EXERCISE DATA —
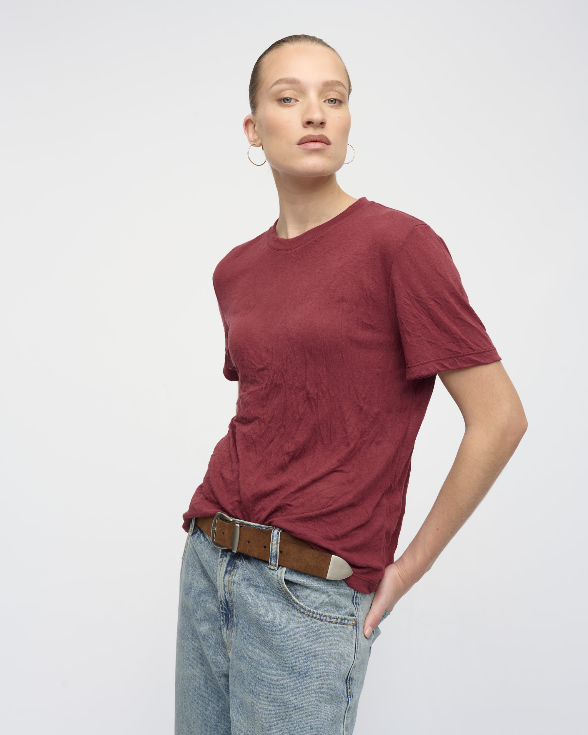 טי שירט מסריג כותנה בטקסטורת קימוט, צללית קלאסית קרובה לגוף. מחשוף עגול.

* * *

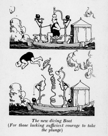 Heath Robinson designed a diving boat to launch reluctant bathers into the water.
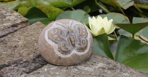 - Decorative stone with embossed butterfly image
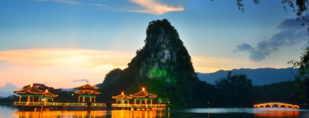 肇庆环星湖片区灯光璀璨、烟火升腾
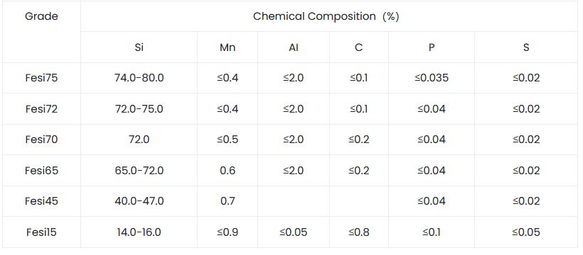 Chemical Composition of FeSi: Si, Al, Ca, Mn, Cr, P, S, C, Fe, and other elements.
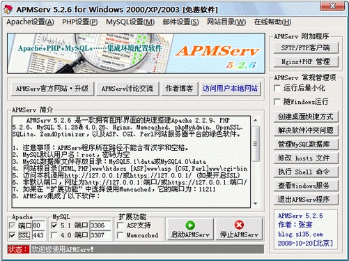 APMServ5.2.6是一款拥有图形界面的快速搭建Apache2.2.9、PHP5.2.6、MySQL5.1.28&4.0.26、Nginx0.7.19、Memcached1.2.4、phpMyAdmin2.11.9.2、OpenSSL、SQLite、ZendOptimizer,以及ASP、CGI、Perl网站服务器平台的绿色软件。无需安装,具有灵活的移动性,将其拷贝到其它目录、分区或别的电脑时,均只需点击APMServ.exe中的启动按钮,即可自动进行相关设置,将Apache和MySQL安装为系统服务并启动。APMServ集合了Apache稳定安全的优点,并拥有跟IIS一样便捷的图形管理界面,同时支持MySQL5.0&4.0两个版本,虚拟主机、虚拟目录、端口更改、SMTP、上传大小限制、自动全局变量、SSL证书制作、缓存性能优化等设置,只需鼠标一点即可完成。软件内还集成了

==

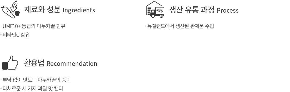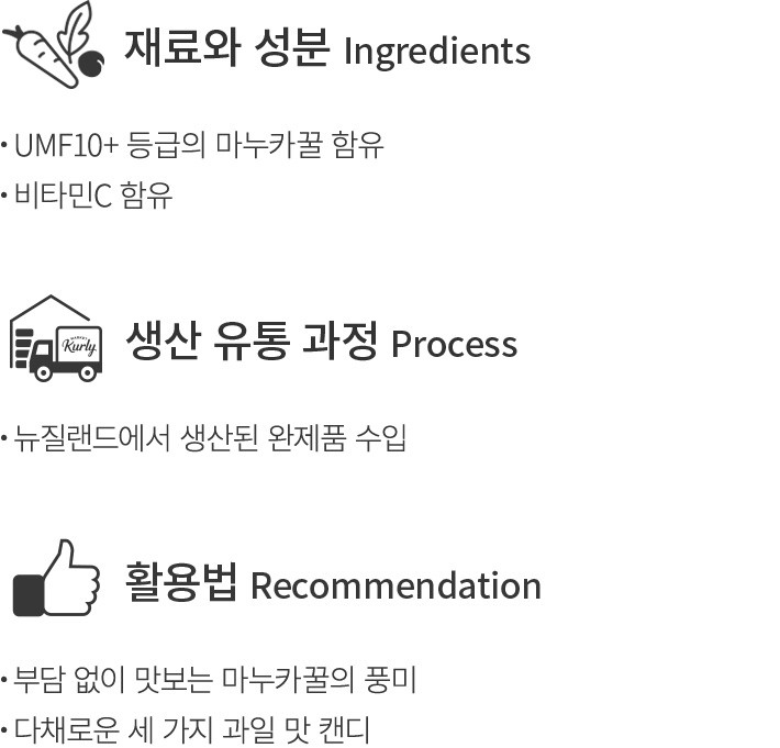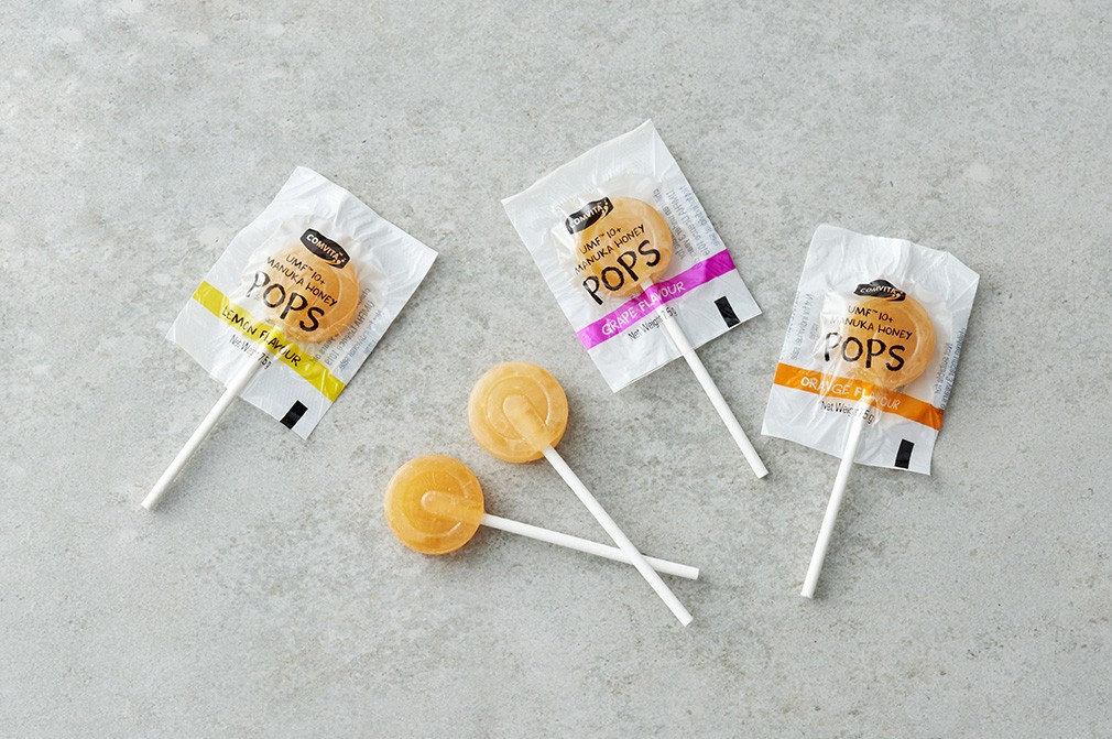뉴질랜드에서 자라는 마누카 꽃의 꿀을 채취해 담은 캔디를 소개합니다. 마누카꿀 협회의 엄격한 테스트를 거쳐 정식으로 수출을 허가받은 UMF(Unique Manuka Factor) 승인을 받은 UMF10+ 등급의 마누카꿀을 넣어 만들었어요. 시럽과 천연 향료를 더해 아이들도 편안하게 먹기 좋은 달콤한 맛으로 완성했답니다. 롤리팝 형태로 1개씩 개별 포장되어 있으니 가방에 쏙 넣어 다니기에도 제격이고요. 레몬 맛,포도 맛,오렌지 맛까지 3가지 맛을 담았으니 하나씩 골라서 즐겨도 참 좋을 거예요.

WORK ORDER —
Please print the lines above word for word, starting at the one with "Heath Robinson designed" and ending at the one with "Chemical Composition of", both included, and without any picture.

EXERCISE OUTPUT —
 Heath Robinson designed a diving boat to launch reluctant bathers into the water.
 - Decorative stone with embossed butterfly image
 肇庆环星湖片区灯光璀璨、烟火升腾
 Chemical Composition of FeSi: Si, Al, Ca, Mn, Cr, P, S, C, Fe, and other elements.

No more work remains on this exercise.